Das Gehäuse (84) umfaßt einen Bund (68) an der äußeren Fläche des Gehäuses (84) zwischen den Enden (92, 94) des Gehäuses (84); und

die Einrichtung zum Einleiten des unter Druck stehenden Fluids umfaßt eine Leitung (91) durch das Gehäuse (68, 84), welche in kommunizierender Fluidverbindung mit der Gehäusebohrung (99) ist.

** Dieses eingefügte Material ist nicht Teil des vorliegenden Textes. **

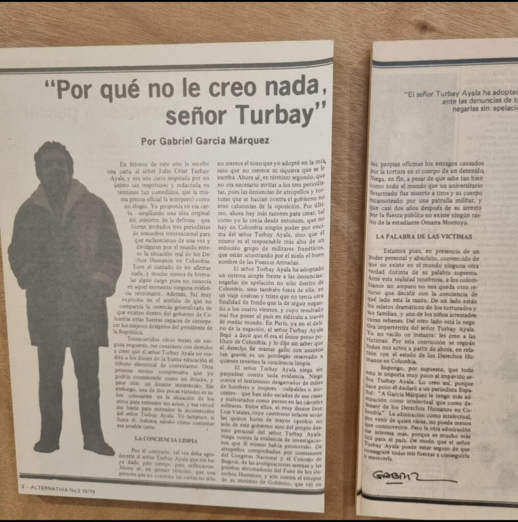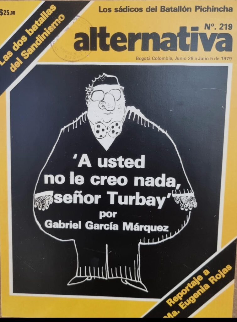 Vean que casualidad. En la exposición sobre Gabo, que permanecerá abierta en la Biblioteca Nacional hasta el 2 de agosto de 2025, hallé exhibidas la portada y las páginas interiores de la revista Alternativa (edición 219 de junio 28 de 1979), en donde el escritor se va pluma en ristre contra el expresidente: “A usted no le creo nada, señor Turbay”, le dice.

5. Verfahren zum Herstellen eines Quetschventils, welches ein Einlaßende (94) und ein Auslaßende (92) hat, in einer Form (116), welches die folgenden Schritte aufweist:

Vorsehen eines länglichen, rohrförmigen Gehäuses (84), welches einen zylindrischen, zurückgeschnittenen Abschnitt (88) am Auslaßende (92) hat;

Aufbringen von Klebstoff auf den Außendurchmesser des zurückgeschnittenen Abschnittes (88) und auf den Innendurchmesser des äußeren Endes (94) des Gehäuses (84);

Vorsehen eines zylindrischen Rings (102), welcher einen Dehnungskoeffizienten hat, der größer als jener des Gehäuses (84) ist;

Erwärmen der Form (116), des Rings (102) und des Gehäuses (84) auf eine erhöhte Temperatur;

Einbringen des Gehäuses (84) und des Rings (102) in die Form (116), wobei der erwärmte Ring eng passend in einer zylindrischen Kammer (102) in der Form (116) sitzt, die Kammer (120) ein geschlossenes Ende derart hat, daß der Ring (102) an dem Ende der Kammer (120) anliegt, und das Ende des zurückgeschnittenen Abschnitts (88) an dem Auslaßende (92) des Gehäuses (84) anliegt, und wobei das Gehäuseende (92) in einem Abstand von dem Ende der Kammer (120) angeordnet ist;

Einbringen eines Dorns (118) in das Innere unter einem Abstand von der Bohrung (99) des Gehäuses (84), wobei das Ende des Dorns (118) mit dem Ende der Kammer (120) zusammenarbeitet;

Erwärmen eines Elastomers und Drücken desselben in den Raum zwischen dem Dorn (118) und dem Gehäuse (84) derart, daß es den Raum ausfüllt und um das Ende (92) des Gehäuses (84) und zwischen dem Gehäuse (84) und dem Ring (102) fließt;

Härten des Elastomers zur Bildung einer Hülse (86) in dem Gehäuse (84); und

Abkühlen der Form (116), des Rings (102), des Gehäuses (84) und des Elastomers und Ermöglichen, daß der Ring (22) sich thermisch zusammenzieht und zusammendrückend mit dem Elastomer zwischen dem Ring (102) und dem Gehäuse (84) zusammenarbeitet.